What is an allergy?

50 million Americans are allergic to something. Yes, allergy is that common. Be it pollen, food or animal dander, there are plenty of such allergens around us causing different types of allergies that include allergic rhinitis, asthma, food allergies, insect venom allergy, drug allergies, latex allergies, eczema, allergic conjunctivitis, chemical sensitivity, and so. However, among all the types of allergies known, food allergy is one of the most common allergies. 

Food Allergies

Food allergies are common. However, they are not the same as food poisoning or food intolerance. Food poisoning occurs when you become ill after consuming spoilt food whereas intolerance is when the body is not able to digest a particular food type. For example, lactose intolerance is a common food intolerance where the body is unable to digest lactose.

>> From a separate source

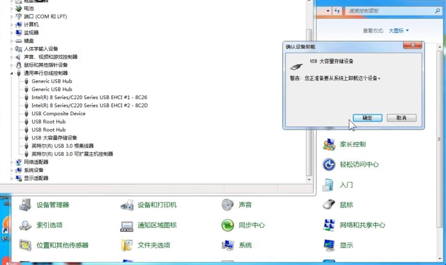 找到USB大容量存储设备,选中点击“右键”找到卸载后把U盘拔出,再把U盘插上查看是否已经正常识别。

On the other hand, food allergies occur when the body’s immune system identifies a particular food protein as an allergen or a potential threat. To combat this foreign substance, the body produces specific antibodies and releases potent chemicals, like histamine. As a result, you develop symptoms like itching, swelling, coughing, wheezing, and in severe cases, a life-threatening condition called anaphylaxis. 

Common food allergies and allergens

Does your nose start running the moment you have hot spicy food? Do you get diarrhea if you eat cheese? These are common food reactions that many of us develop mostly due to food intolerance. Food allergy occurs when the body’s immune system identifies harmless food as allergens or foreign substances and starts reacting to it. From mild skin rashes to swelling of lips, and gasping for breath in severe cases are common signs of food allergies. Although they are serious, you can manage food allergies. Here are some of the most common food allergens

  • Milk (mostly in children)
  • Eggs
  • Peanuts
  • Tree nuts, like walnuts, almonds, pine nuts, brazil nuts, and pecans
  • Soy
  • Wheat 
  • Fish (mostly in adults)
  • Shellfish (mostly in adults)

Some food allergens may cause allergic reactions in some individuals although these are rare:

  • Corn
  • Gelatin
  • Meat – beef, chicken, mutton, and pork
  • Seeds, often sesame, sunflower, and poppy
  • Spices, such as caraway, coriander, garlic, and mustard

Common symptoms of food allergy

Allergic symptoms can be from mild to severe. Symptoms may appear immediately after eating the food or hours later. Watch out for these signs to detect food allergy:

Mild symptoms 

  • Skin rash
  • Itching
  • Red and swollen skin
  • Itchy mouth and ear
  • Runny or stuffed nose
  • Sneezing and dry cough
  • Throwing up
  • Stomach upset and stomach ache
  • Diarrhea

Moderate symptoms

  • Swollen lips, tongues, throat
  • Chest pain and uneven heartbeat
  • Trouble breathing and swallowing

Severe symptoms

In severe cases, a food allergy can become life-threatening which is known as anaphylaxis. People who have asthma are more prone to develop anaphylaxis from food allergies. If you are prone to it, your doctor may suggest you to carry epinephrine injectables.  

Know about the hidden triggers

The best way to avoid a food allergy is to avoid the food. For this, you need to identify the hidden triggers. For example, if you are allergic to egg, know the ingredients before consuming a piece of cake or a cookie because it might contain eggs! Similarly, if you are allergic to milk protein, know that a piece of hotdog may contain milk protein. 

How many people have food allergies?

As we already mentioned, food allergy is extremely common. Researchers estimate that 32 million Americans have food allergies. Studies published in 2018 and 2019 estimate the number of Americans of all ages who have convincing symptoms of allergy to specific foods:

  • shellfish: 8.2 million
  • milk: 6.1 million
  • peanut: 6.1 million
  • tree nuts: 3.9 million
  • egg: 2.6 million
  • finfish: 2.6 million
  • wheat: 2.4 million
  • soy: 1.9 million
  • sesame: 0.7 million

While most children outgrow food allergies, for most adults it is incurable. However, a food allergy can be managed by avoiding the particular food. Reach out to your doctor immediately if you develop symptoms as mild symptoms may become severe and life-threatening at times.  

It is also advisable to keep a diligent record of your meals. This will help you analyze the foods that you eat, along with any symptoms you might experience once you have consumed the food. Such a food diary will help you take charge of your health.